----- Data section

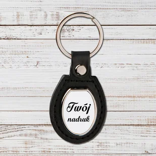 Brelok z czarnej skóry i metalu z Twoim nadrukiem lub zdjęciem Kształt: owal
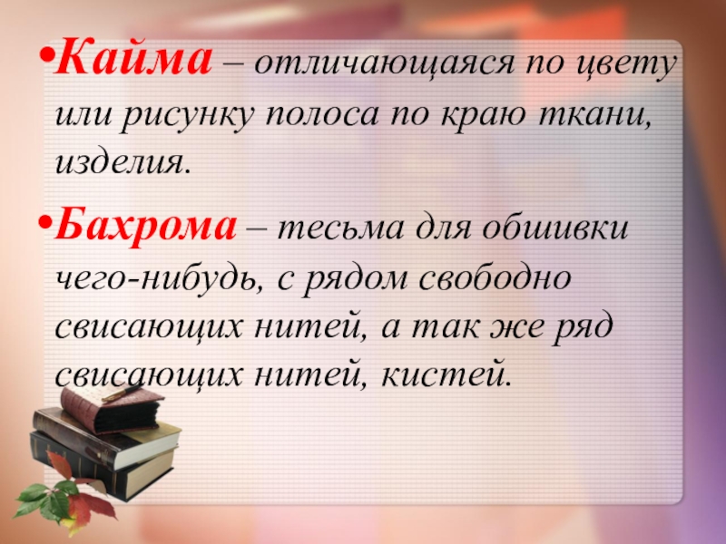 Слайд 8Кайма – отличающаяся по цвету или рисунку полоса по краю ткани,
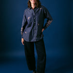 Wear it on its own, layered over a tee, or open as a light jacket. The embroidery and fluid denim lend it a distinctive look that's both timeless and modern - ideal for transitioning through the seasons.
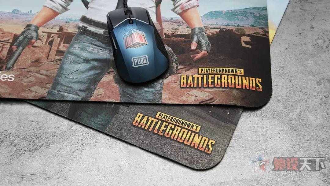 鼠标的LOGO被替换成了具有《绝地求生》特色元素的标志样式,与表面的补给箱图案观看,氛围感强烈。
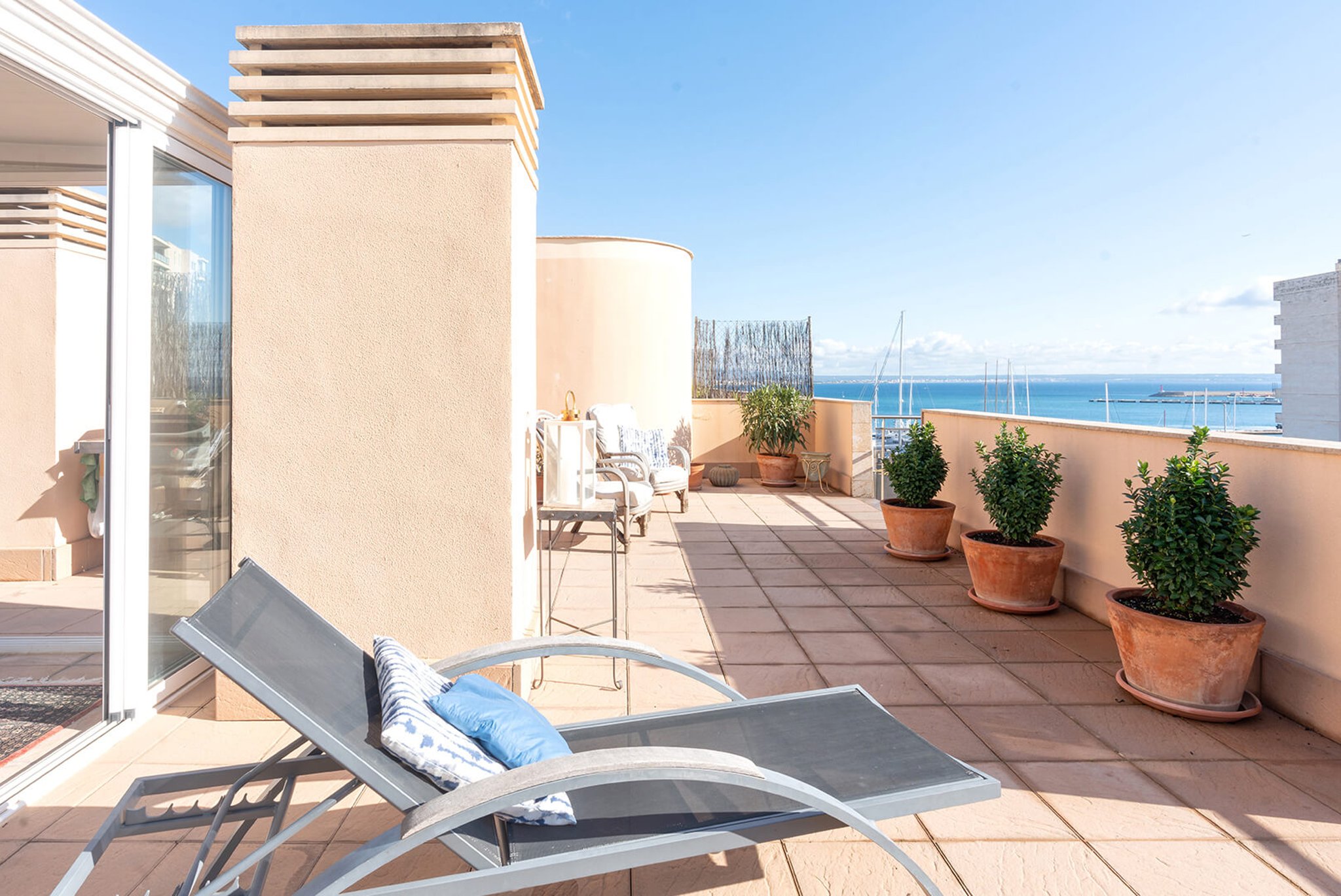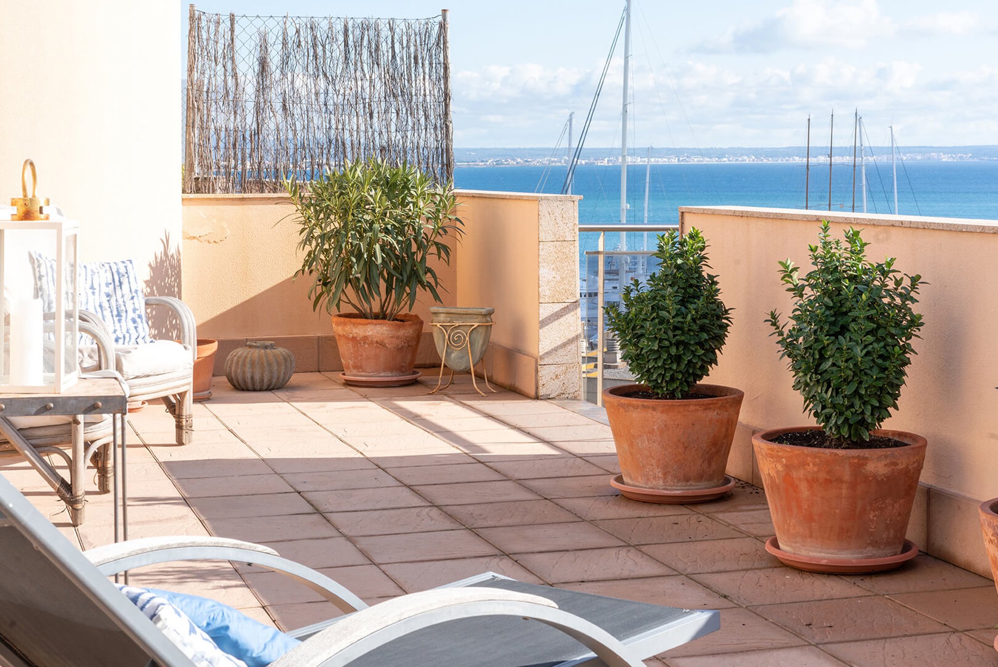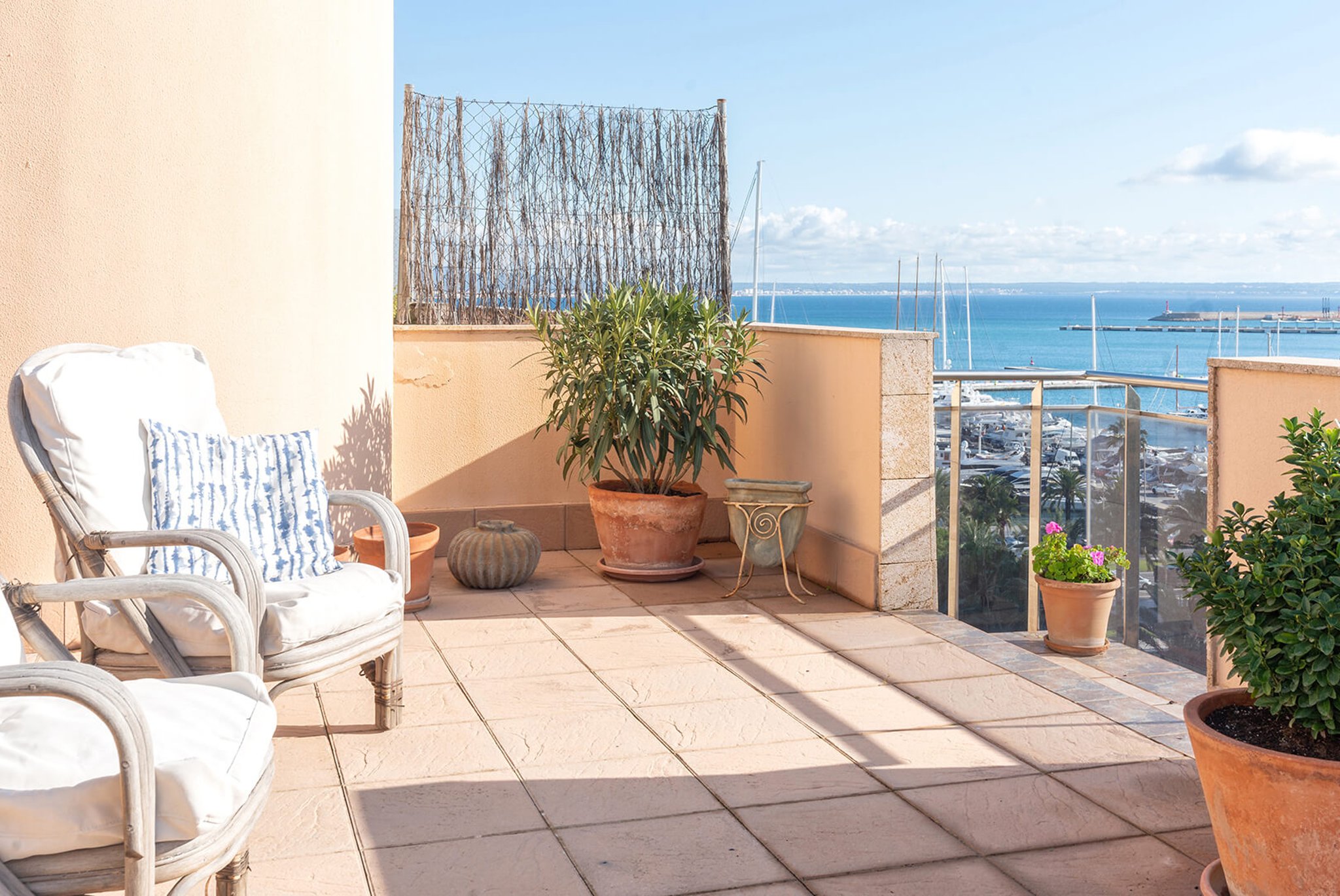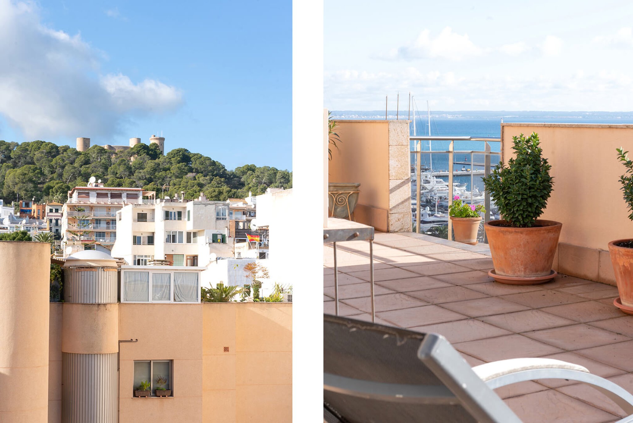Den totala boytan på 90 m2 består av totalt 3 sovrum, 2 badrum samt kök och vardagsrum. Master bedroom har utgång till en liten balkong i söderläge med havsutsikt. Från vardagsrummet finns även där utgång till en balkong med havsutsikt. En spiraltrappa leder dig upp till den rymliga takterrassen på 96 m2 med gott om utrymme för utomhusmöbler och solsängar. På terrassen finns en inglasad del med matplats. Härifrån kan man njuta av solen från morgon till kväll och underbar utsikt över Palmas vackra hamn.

----------

All records above must be copied exactly, though the pictures they hold are to be left out.

* _Result for this task_
 Brelok z czarnej skóry i metalu z Twoim nadrukiem lub zdjęciem Kształt: owal
 Слайд 8Кайма – отличающаяся по цвету или рисунку полоса по краю ткани,
 Wear it on its own, layered over a tee, or open as a light jacket. The embroidery and fluid denim lend it a distinctive look that's both timeless and modern - ideal for transitioning through the seasons.
 鼠标的LOGO被替换成了具有《绝地求生》特色元素的标志样式,与表面的补给箱图案观看,氛围感强烈。
Den totala boytan på 90 m2 består av totalt 3 sovrum, 2 badrum samt kök och vardagsrum. Master bedroom har utgång till en liten balkong i söderläge med havsutsikt. Från vardagsrummet finns även där utgång till en balkong med havsutsikt. En spiraltrappa leder dig upp till den rymliga takterrassen på 96 m2 med gott om utrymme för utomhusmöbler och solsängar. På terrassen finns en inglasad del med matplats. Härifrån kan man njuta av solen från morgon till kväll och underbar utsikt över Palmas vackra hamn.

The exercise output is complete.